Scanning the list, I learned that some of the most affected products yesterday were the iShares Russell 1000 Value Index Fund (IWD - commentary - Trade Now), E-TRACS UBS Bloomberg CMCI ETN (UCI - commentary - Trade Now), Elements Benjamin Graham Large Cap Value ETN (BVL - commentary - Trade Now) and the Rydex Inverse 2x S&P MidCap 400 ETF (RMS - commentary - Trade Now).
I didn't have to check the list, however, to have a sense of what the most affected symbols would be. Two of these products have one very important thing is common: exceptionally low average daily trading volumes. UCI and BVL have three-month average daily trading volumes of 7,000 shares and 305 shares respectively.
Active traders shouldn't touch either of these products with a 10-foot pole on normal trading days. In illiquid ETFs, often the only thing standing between you and a penny bid are the algorithms of a lead market maker. If technical problems occur or a market meltdown ensues, you do not want to be one-on-one with these trading programs.
How do I know? I used to be one of those market makers. After a brief stint in options trading and a year in equities, I became a member of the American Stock Exchange and a lead market maker for a handful of ETF products. At the time, I worked for one of the seven specialist firms that had operations on the NYSE and Arca. While we were the smallest firm, we were one of the biggest participants in the growing ETF listings industry.
I had the unique experience of entering this arena at an eventful time. The American Stock Exchange faced imminent extinction, and the ETFs listed there were to be transferred -- along with the market makers -- to the electronic NYSE Arca platform. While I would still be working for a stock exchange and a specialist firm, I would be making markets from a trading desk on Broadway. I was 24 years old.

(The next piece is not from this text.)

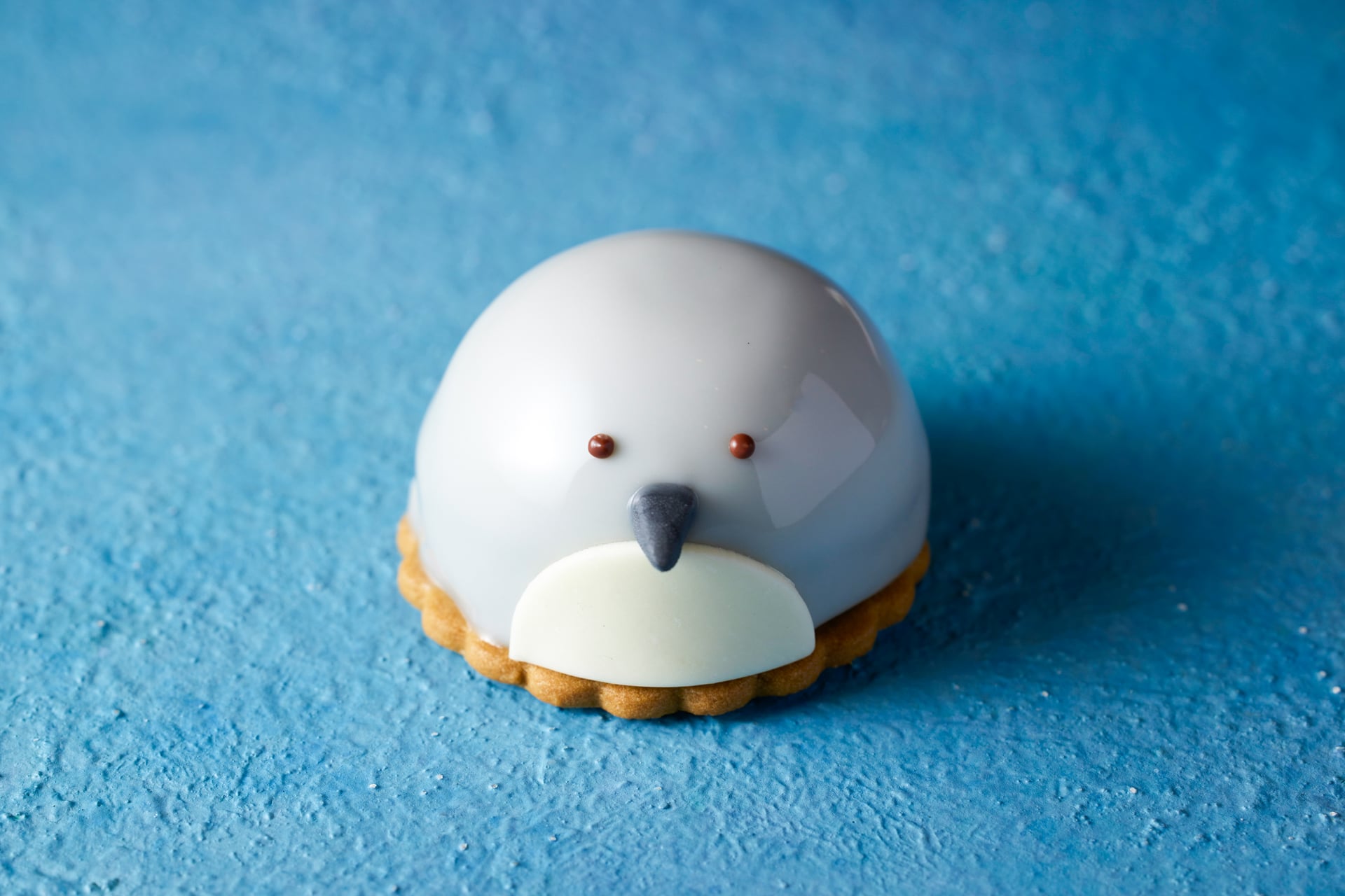 這款巧克力慕斯甜點,內含有機巧克力慕斯和柳橙果醬,帶來甜味、酸味和微苦的清爽口感。外層覆蓋著加入竹炭調成淺灰色的白巧克力,再現了可愛的小企鵝形象。不僅在視覺上令人愉悅,其豐富的口感和多層次的味覺體驗也令人難以抗拒。

Changes were also under way on the New York Stock Exchange and NYSE Arca. After converting to a new "hybrid" marketplace, specialist firms had to create new "front-end" trading algorithms to interact with the data feed from the exchange. A team of highly accomplished computer programmers swarmed our offices and struggled to explain to traders how we would now create two-sided markets with advanced algorithms.
One of the features of the new system were three different "quote sets," which could be used at different times in the day to automatically generate bids and offers. Since, as a lead market maker, I had to be willing to buy and sell continuously, providing two-sided markets, the program would generate markets automatically, depending on my customized settings.
As one of the "new guys," I was given a book of products that, generally, traded infrequently. This provided me with a way to get my feet wet and see illiquid trading products in action. Some of the products I traded were so illiquid, in fact, that they were delisted because of lack of investor interest not long after I made my career change.
One of the first things you notice as a market maker in an illiquid ETF is that you are not just the first line of defense -- you are often the only line of defense. In many of my products, the entire "book" (all existing bids and asks) was composed of my orders. I was the bid, I was the ask ... I was the only player in town.
In order to provide a fair and orderly market - and to play by exchange rules and attract new ETF listings -- your markets had to be reasonable. This meant that your bid and ask generally have to be close to net asset value. The minimum size of the bid and offer was 200 shares.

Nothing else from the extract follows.